# Question about air compressors



## HauntCast (Jul 25, 2008)

I have a 2HP 4 Gallon Central Pneumatic pancake air compressor. Last year when I used it, it ran fine. When I turned it on it would fill the tank with air, power off when it reached 115 psi and power back up when it droped below 50 I think. This year it seems to power off when it is reaches 115 psi and does not power back up when the pressure gets below 50psi. I have to keep releasing the remaining air from the tank and turning it back on again. Does any body have a clue why it would be doing this or how to fix this?


----------



## eanderso13 (Apr 10, 2008)

I bought a Central Pneumatic compressor a few years ago. Didn't get to use it that year, pulled it out summer of next year, fired it up, it worked fine...once.
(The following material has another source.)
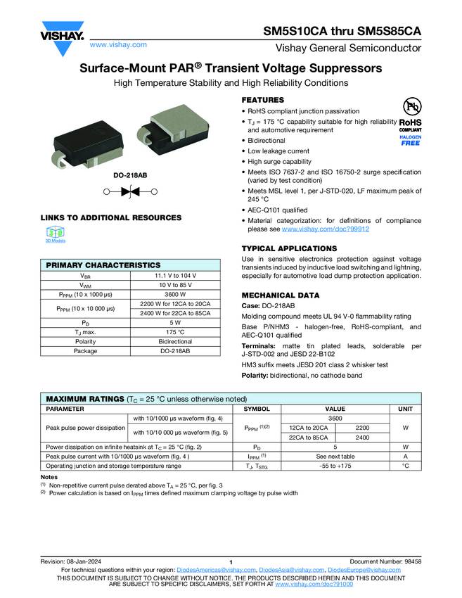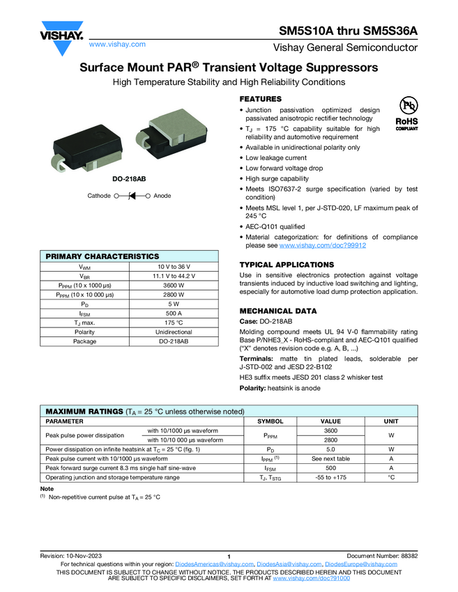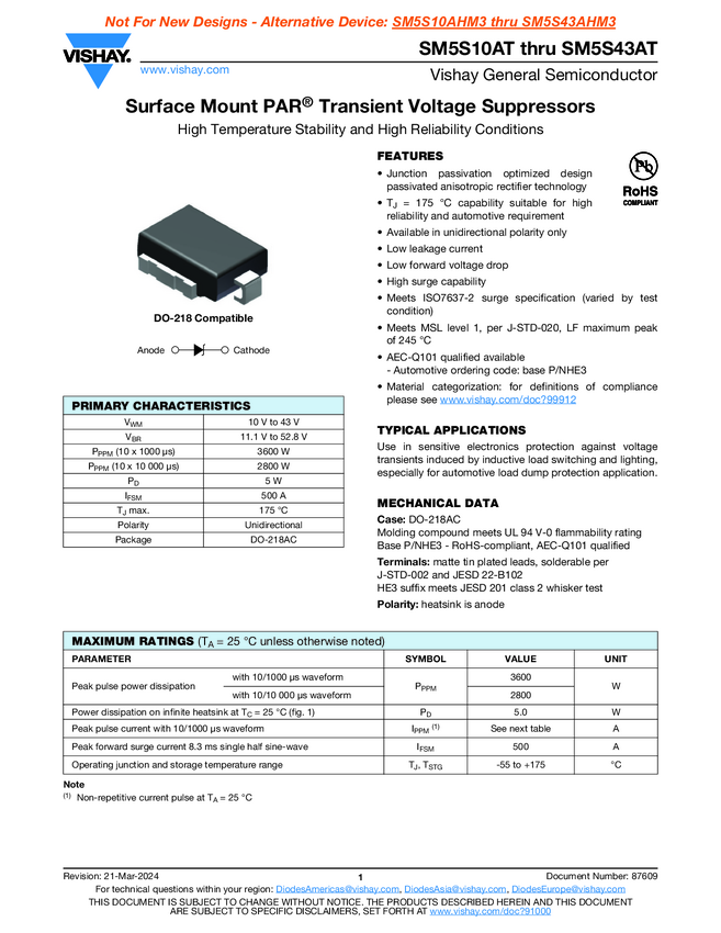 Surface-Mount PAR® Transient Voltage Suppressors High Temperature Stability and High Reliability Conditions

I talked to Harbor freight and they said they thought it was a check valve that regulates any back pressure on the cylinder head. they sent me a new one and I have yet to try to fix it because I bought a monster 25 gallon Craftsman that just needed a new head gasket and I've used it ever since with no problems.


----------



## farmer (Aug 22, 2008)

i might be you pressure switch that controls the compresser. check the settings on it. or it might be faulty


----------



## slightlymad (May 25, 2006)

farmer said:


> i might be you pressure switch that controls the compresser. check the settings on it. or it might be faulty


Ditto Sometimes these are presented as 2 adjustable knobs other times they are screw adjustable under a box like cover plate. Ether way they are spring loaded and often stick. I like to back them off for storage and regularly spray with wd 40


----------



## HauntCast (Jul 25, 2008)

I spayed the mechanism down with WD40 and it seems to work fine. Everyone, thanks for your help!


----------